Please repeat each line below exactly, with no images in the copy.

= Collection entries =

════════════════════

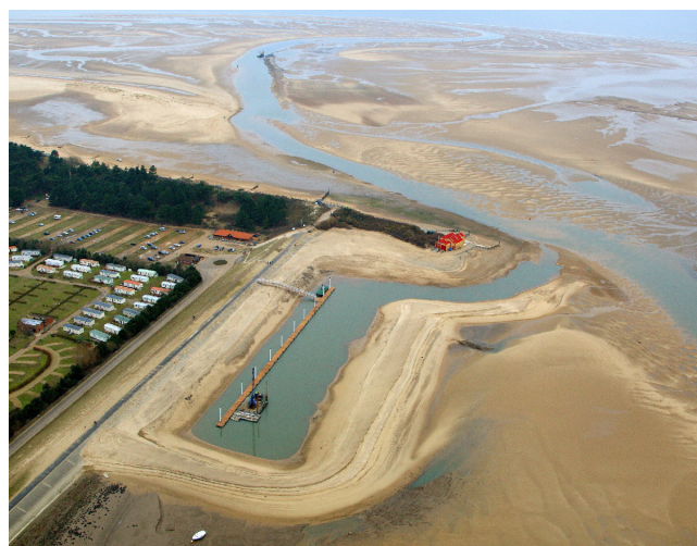
The harbour mid-February 2010

2010 is a busy year on the water. Sharpies may travel to Burnham Overy (May 1–2), Brancaster Staithe (May 22–23), British Championships at Brancaster
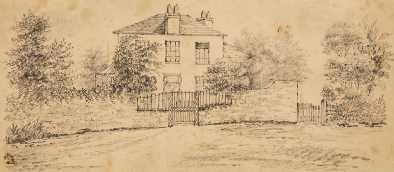
Grove Villa, Cleveland
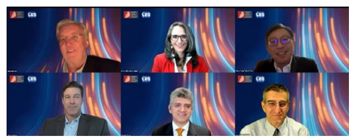
Speakers at the build-to-sell forum.
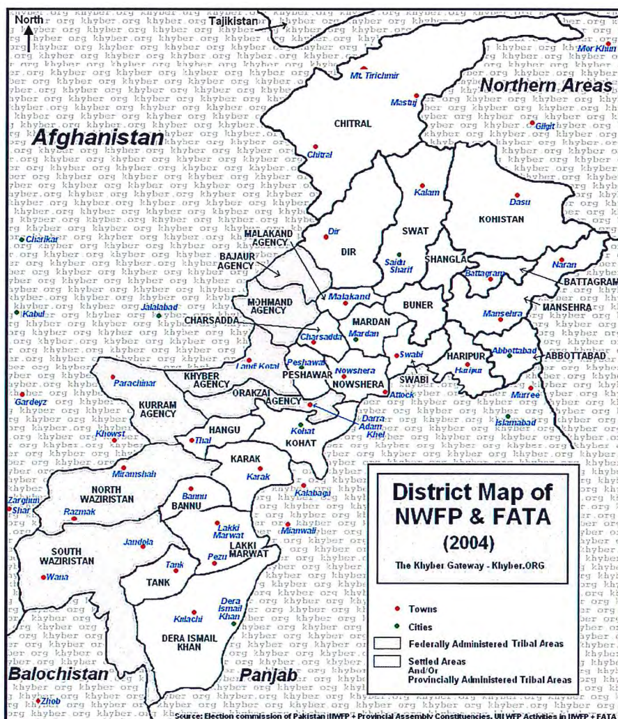
Appendix A Figure 1: Map of FATA

Source: "The Captain's Journal » Taliban and al Qaeda Strategy in Pakistan and Afghanistan." The Captain's Journal » Taliban and al Qaeda Strategy in Pakistan and Afghanistan . N.p., n.d. Web. 4 Mar. 2014. < http://www.captainsjournal.com/2008/03/23/taliban-and-al-qaeda-strategy-in-pakistan-and-afghanistan/ >.
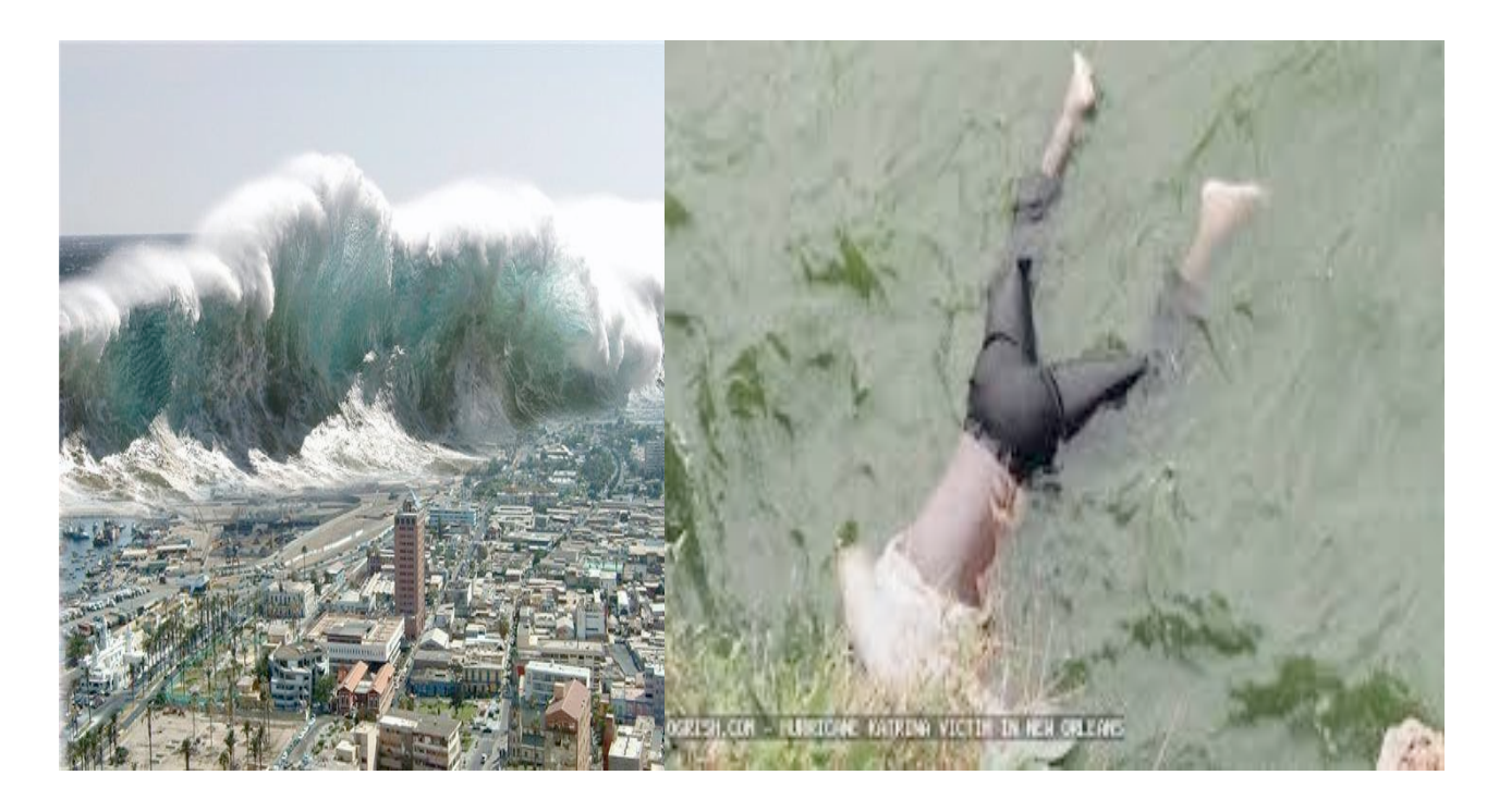
Tsunamis: Clean Water and Power for Years

════════════════════

= Answer section =
The harbour mid-February 2010

2010 is a busy year on the water. Sharpies may travel to Burnham Overy (May 1–2), Brancaster Staithe (May 22–23), British Championships at Brancaster
Grove Villa, Cleveland
Speakers at the build-to-sell forum.
Appendix A Figure 1: Map of FATA

Source: "The Captain's Journal » Taliban and al Qaeda Strategy in Pakistan and Afghanistan." The Captain's Journal » Taliban and al Qaeda Strategy in Pakistan and Afghanistan . N.p., n.d. Web. 4 Mar. 2014. < http://www.captainsjournal.com/2008/03/23/taliban-and-al-qaeda-strategy-in-pakistan-and-afghanistan/ >.
Tsunamis: Clean Water and Power for Years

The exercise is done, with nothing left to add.